Bill from Operations came out and let the heavy metal door slam shut behind him.  The exertion of rushing from his desk to the parking lot showed in the chilled vapor he puffed into the afternoon air. 

In the last seconds of his solitude, R.J. sucked up the remaining acrid dregs from the butt and stomped it out.  He closed his eyes and let the hit of nicotine massage his overexcited nerve endings.

"Szymanski's looking for you." Bill took up position next to him, unintentionally mimicking his stance.  In his long black coat, he made a shorter and wider shadow.

R.J.'s only reply was to take out a fresh cigarette and light it.

"Shit."  Bill crumpled his empty pack in an exaggerated display and stuffed it back into his pocket.  "Can I bum one?"
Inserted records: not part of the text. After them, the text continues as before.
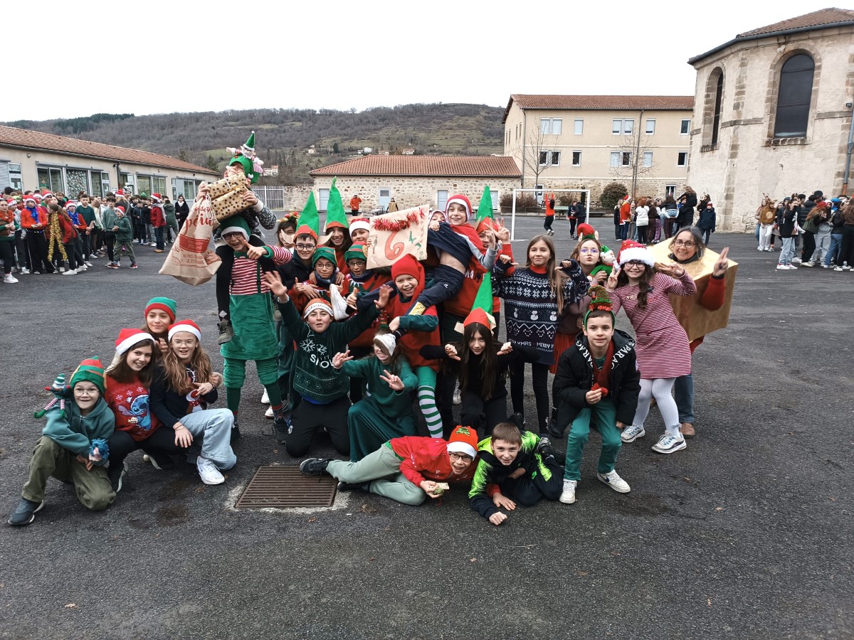Chaque niveau de classe avait un dress code spécifique pour l'occasion : lutin, sapin, bonhomme de neige et renne. Les professeurs se sont quant à eux tranformés en père ou mère Noël.
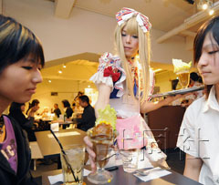 共同社在報道中提到了東京秋葉原的“云雀亭”女仆咖啡店。這些“女仆”服務員全部為身穿女裝的男性。他們頭戴假發(fā)、身著褶邊裙、帶著靚麗的妝容接待顧客。
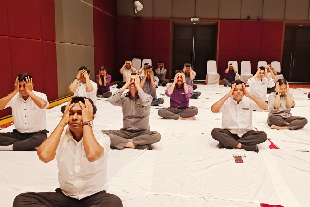 At the request of Mr. Anand Chatterjee, Head of Hospitality at Planet Hollywood Beach Resort Goa, the Integrated Amrita Meditation Technique (IAM20) Stress Management Leaders Workshop was organized for their staff by Amrita Vishwa Vidyapeetham. A group of dedicated managers, assistant managers, senior executives, associates from the department of reservations, engineering, security, sales, purchase, front office, accounts, professional chefs, spa therapists, and yoga teacher from the resort participated in an enriching workshop.
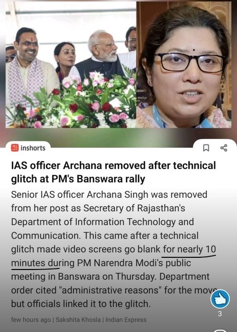 जयपुर। प्रधानमंत्री की जनसभा के दौरान क्या टेलीप्रॉम्प्टर मौन हो सकता है, सुनने में यह बात भले ही अटपटी लग रही हो पर राजस्थान के बांसवाड़ा में पिछले दिनो सत्ता शीर्ष को असहज करने वाला कुछ ऐसा ही नजारा देखने को मिला। बांसवाड़ा के नापला गांव में प्रधानमंत्री की जनसभा के दौरान ही टेलीप्रॉम्प्टर खामोश हो गया और वीडियो स्क्रीन करीब 10 मिनट तक ब्लैंक हो गईं। दस मिनट के इस तकनीकी ब्लैकआउट की गाज राजस्थान की नौकरशाही पर गिरी । घटना से तुरंत बाद राज्य सरकार ने वरिष्ठ आईएएस अर्चना सिंह को आनन-फानन आईटी एवं संचार विभाग के सचिव पद से हटाते हुए उन्हें APO ( Awaiting Posting Order) पर डाल दिया गया है। विपक्ष ने इस मुद्दे पर सरकार और प्रधानंत्री को जोरदार तरीके से घेरा।
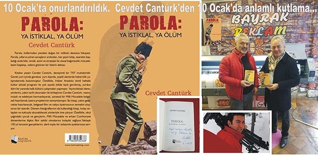 TRT Haber Anadolu Programı Yapımcısı Cevdet Cantürk “10 Ocak Çalışan Gazeteciler Günü” dolayısıyla Giresun eski TRT Yurt Muhabiri İsmet Küçükbayrak ve Bulancak TRT Yurt Muhabiri Mehmet Yaşar’a “PAROLA: YA İSTİKLAL, YA ÖLÜM” adlı kitabını imzalayarak hediye etti.
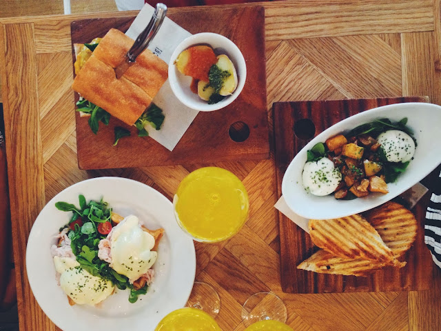 Derecha: Breakfast combo; Sandwich de higos y queso Brie, Ensalada de rúcula, peras, manzanas, setas y dos huevos escalfados. (Obviamente mi plato.)
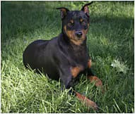 El Pinscher Miniatura no es en absoluto un Doberman Pinscher miniatura. Aunque comparten la misma patria, Alemania, la relación termina ahí. El Pinscher Miniatura es una raza única que es más que la suma de sus partes, probablemente resultado del cruce entre un pequeño Terrier de pelo corto, un Dachshund y un Galgo Italiano. Perros parecidos a ellos fueron representados en el arte ya en el siglo XVII, pero no fue hasta el siglo XIX que se desarrollaron definitivamente en una raza distinta, el "reh pinscher" (reh porque se parecía al ciervo reh alemán, y pinscher significa terrier). Durante los primeros tiempos de las exposiciones caninas, los criadores casi arruinaron al Pinscher Miniatura al criarlo para un tamaño pequeño en detrimento de todos los demás criterios. Para 1900, los criadores habían corregido su rumbo y el Pinscher Miniatura nunca ha mirado atrás.

He held out the pack and let Bill rout a cigarette out.

At the mention of Jim Szymanski, R.J. felt his excitement shift to agitation, and the tide of his thoughts turned to stormier seas.  The taste in his mouth became focused on the sulfur, bitter iron, and burned vegetal flavors of his cigarette. 

Mila had hated his smoking.  Four dates in, he had given it up, cold turkey and without a second thought.  He didn't touch another cigarette until the night she walked out the door, fifteen years later. 

At twenty-two, his body had bucked the habit without a twinge, and he never thought about it all that time they were together.  But the moment she was gone from his life, the first thing he did was to go out and buy a pack.

It was as though there was a sharp line drawn around his life with Mila and everything inside was this warm, bright unimaginable dream.  A dream from which he awoke to find everything dull and lifeless.  To find himself standing in a fish yard in Alaska, smoking a cigarette, and dreading going back inside to face his boss.

He had no fear of Szymanski, just a deep loathing.  He was more invertebrate than man.  He had been promoted up to middle management simply due to his total incompetence at everything besides kissing ass.  And he made R.J.'s life hell.

He had been after R.J. all week for the revised figures for the NMFS quarterly quota report.  Filling out the National Marine Fishery Services report had never been a problem, but he hadn't been able to concentrate on anything since Wiley's visit.  The numbers always blurred, until he closed his eyes and saw the video again.

It was only a minute and a half long.  The second time Wiley played it, R.J. held his breath from start to finish.  It was filmed in a brightly lit, gray concrete room.  The camera moved behind cream-colored metal bars.  It panned around trying to capture the creature that bounced off the walls of the cell.  The animal never stopped moving.

For most of the video, all that could be seen of it was flashes of its muscular, fur-covered body.  But there was never any doubt that it was special.  The movements were off.  The dimensions weren't quite right.  Even at a glance, R.J knew it was something he had never seen before.

By the third time through, R.J. finally asked, "What exactly is it?"

"We call it LARS."  Not waiting to be asked, Maxwell elaborated: "It stands for Lycanthropic Anomalous Research Subject."

"A lycanthrope?  This creature's physiology is tied to the phases of the moon?"  He leaned in as though getting closer to the screen could give him a better viewing angle.